== Problem description ==
With the pictures omitted, repeat exactly the lines below starting with the line that has "1.5*2.0m被套+1.5m床笠+2个枕套 | ¥90.00 |" and going on through the line that has "A Cybersecurity Dashboard".

Records from a dataset:
··········

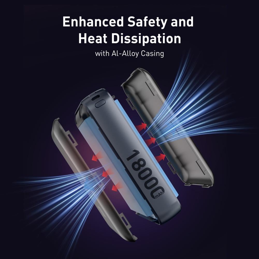 غلاف من سبائك الألمنيوم يساعد على تبديد الحرارة ويعزز السلامة أثناء الاستخدام.
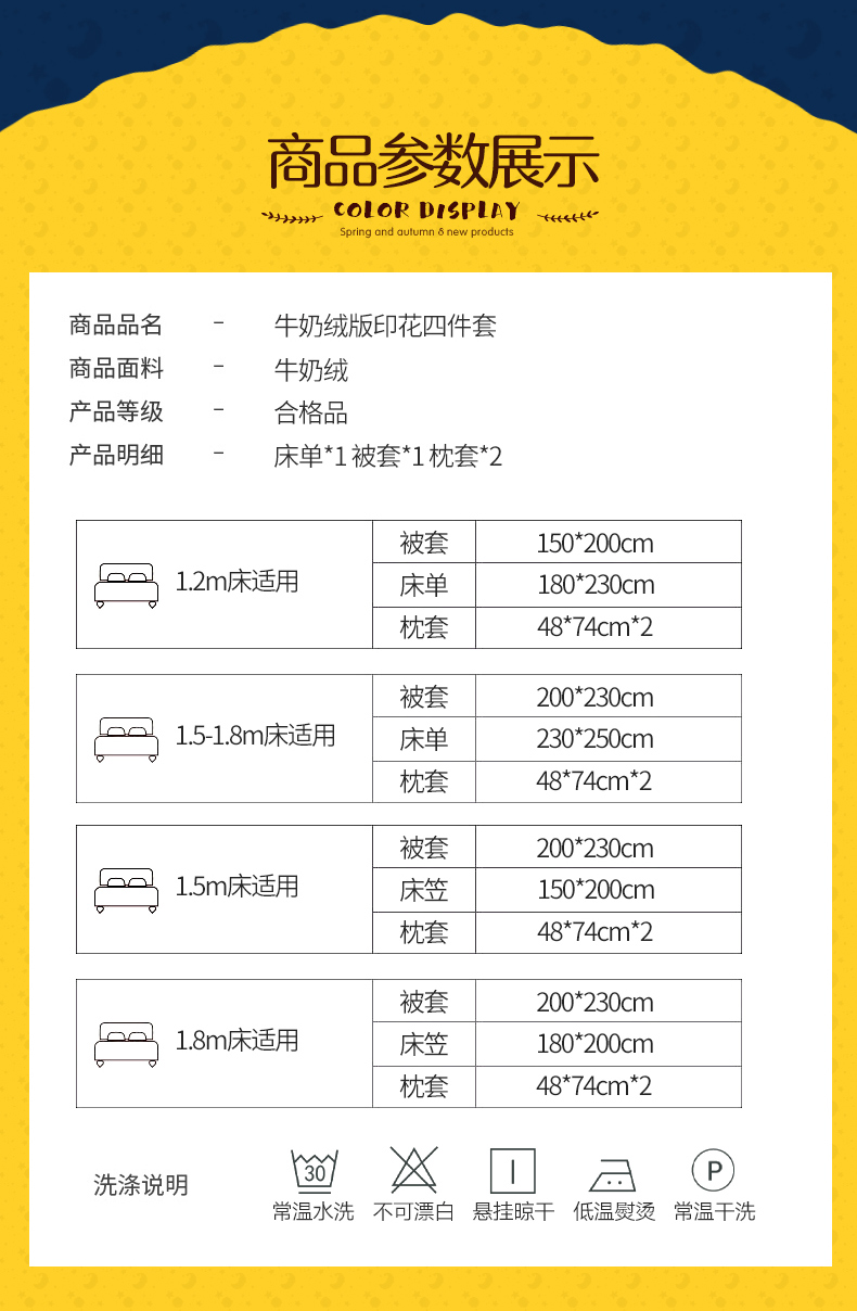 1.5*2.0m被套+1.5m床笠+2个枕套 | ¥90.00 |
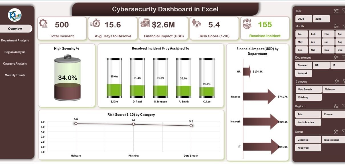 A Cybersecurity Dashboard in Excel is a comprehensive visual tool designed to monitor an organization’s cybersecurity posture. It compiles key metrics such as incident severity, resolution rate, financial impact, and risk score into interactive visuals and charts.
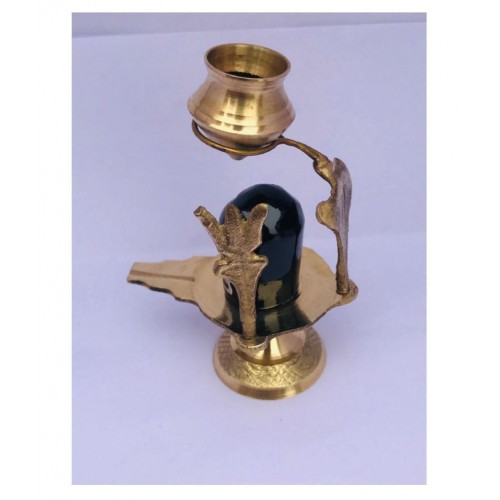 Shivshop Brass Shivling with Sheshnag and Black Stone Ling Shivling Statue for Hindu Puja Shiva Ling/Shivling Decorative Sheshnaag Showpiece
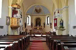Über dem einschiffigen zweijochigen Langhaus befindet sich zwischen Doppelgurtbögen ein breites Platzlgewölbe, das auf Doppelpilastern ruht. Auch über das Chorjoch ist ein Platzlgewölbe gespannt. Ein rundbogiger Triumphbogen trennt das Kirchenschiff vom Chor, über dem sich ein Kappengewölbe befindet. Die einschiffige Empore verfügt über eine vorgebauchte Brüstung.
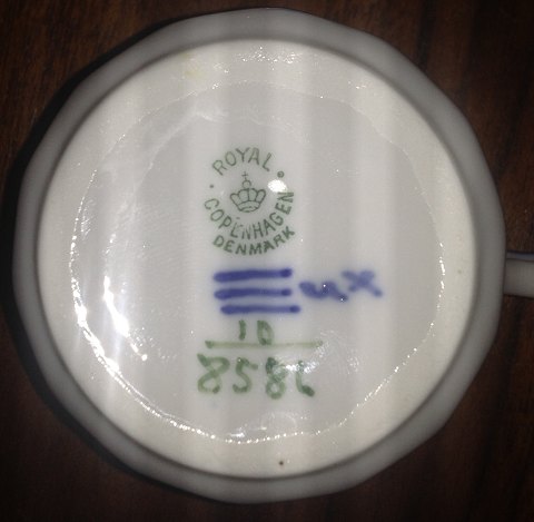 Sennepskrukke med låg i porcelæn fra Royal Copenhagen Kantet Blå Blomst. Modelnummer 8586. I god stand uden skader eller reparationer. 9½ cm høj.

··········

== Expected answer ==
 1.5*2.0m被套+1.5m床笠+2个枕套 | ¥90.00 |
 A Cybersecurity Dashboard in Excel is a comprehensive visual tool designed to monitor an organization’s cybersecurity posture. It compiles key metrics such as incident severity, resolution rate, financial impact, and risk score into interactive visuals and charts.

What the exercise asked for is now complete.